JOURNALISTES ET POLITIQUES EN PRIORITE
Leslie Miller, vice-présidente chargée des affaires gouvernementales et des politiques publiques chez YouTube, a résumé la logique de cette extension en une phrase : « Cette expansion concerne véritablement l'intégrité de la conversation publique. Nous savons que les risques d'usurpation d'identité par l'IA sont particulièrement élevés pour ceux qui évoluent dans l'espace civique ».
Le raisonnement est solide. Un deepfake ciblant un créateur de contenu peut nuire à sa réputation ou à ses revenus. Même si c'est sérieux, l'impact reste limité à une communauté d'abonnés. Un deepfake ciblant un candidat à une élection ou un journaliste qui couvre un conflit, c'est différent. Une vidéo crédible montrant un candidat tenant des propos qu'il n'a jamais tenus, ou un journaliste cautionnant de fausses théories, peut avoir un impact immédiat sur les processus électoraux ou sur la confiance accordée aux médias. La distinction est importante, et YouTube l'assume publiquement en ciblant cette population en priorité.
Ce choix s'inscrit aussi dans un calendrier politique précis. La décision tombe de manière opportune, alors que les élections de mi-mandat américaines approchent. Les deepfakes générés par IA sont devenus un enjeu majeur lors du cycle électoral de 2024, quand YouTube a mobilisé ses créateurs pour identifier les représentations non autorisées de personnalités publiques. La plateforme a tiré les leçons de cette expérience. Elle anticipe plutôt qu'elle ne réagit.
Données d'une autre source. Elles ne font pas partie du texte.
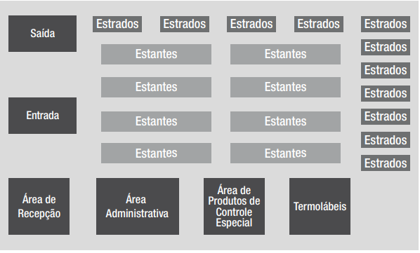 Figura 3 – Modelo de disposição interna de prateleiras e estrados em uma Central de Abastecimento Farmacêutico

Le programme ne sera pas disponible partout en même temps. L'outil sera d'abord accessible en France, au Royaume-Uni, aux États-Unis et au Brésil. YouTube prévoit d'ouvrir progressivement son accès au cours des prochains mois, avec l'objectif de le rendre disponible dans le monde entier d'ici à la fin de l'année.
UNE INITIATIVE PRIVEE LA OU LA LOI N'A PAS ENCORE AGI
Ce qui frappe dans cette annonce, c'est la vitesse à laquelle une entreprise privée se positionne sur un terrain que les législateurs n'ont pas encore balisé. En Europe, le règlement sur l'IA (AI Act) est entré progressivement en vigueur, avec des obligations d'étiquetage des contenus synthétiques, mais sans aller jusqu'à imposer des mécanismes de détection aussi précis que « Likeness ID ». Aux États-Unis, le cadre législatif fédéral reste fragmentaire malgré les débats autour du NO FAKES Act.
YouTube avance donc sur ses propres règles. Cette une posture a ses avantages qui sont la rapidité, l’adaptabilité, l’absence de lourdeurs bureaucratiques. Mais elle soulève aussi des questions légitimes. Qui contrôle le contrôleur ? Selon quels critères YouTube décidera-t-elle qu'un contenu relève de la satire plutôt que de la désinformation ? Comment garantir que des demandes de retrait ne seront pas utilisées pour censurer des contenus critiques mais légitimes ?
Ces questions ne disqualifient pas l'initiative. Elles la contextualisent. «Likeness ID» est un progrès réel dans la capacité à détecter et à signaler les usurpations d'identité numériques. Mais ce progrès reste dépendant des décisions d'une entreprise privée, soumise à ses propres intérêts commerciaux, et opérant dans un vide juridique que seuls les législateurs peuvent combler durablement. Pour l'heure, YouTube montre l'exemple. Ce que d'autres plateformes, Meta, TikTok, X, feront de cet exemple reste à observer.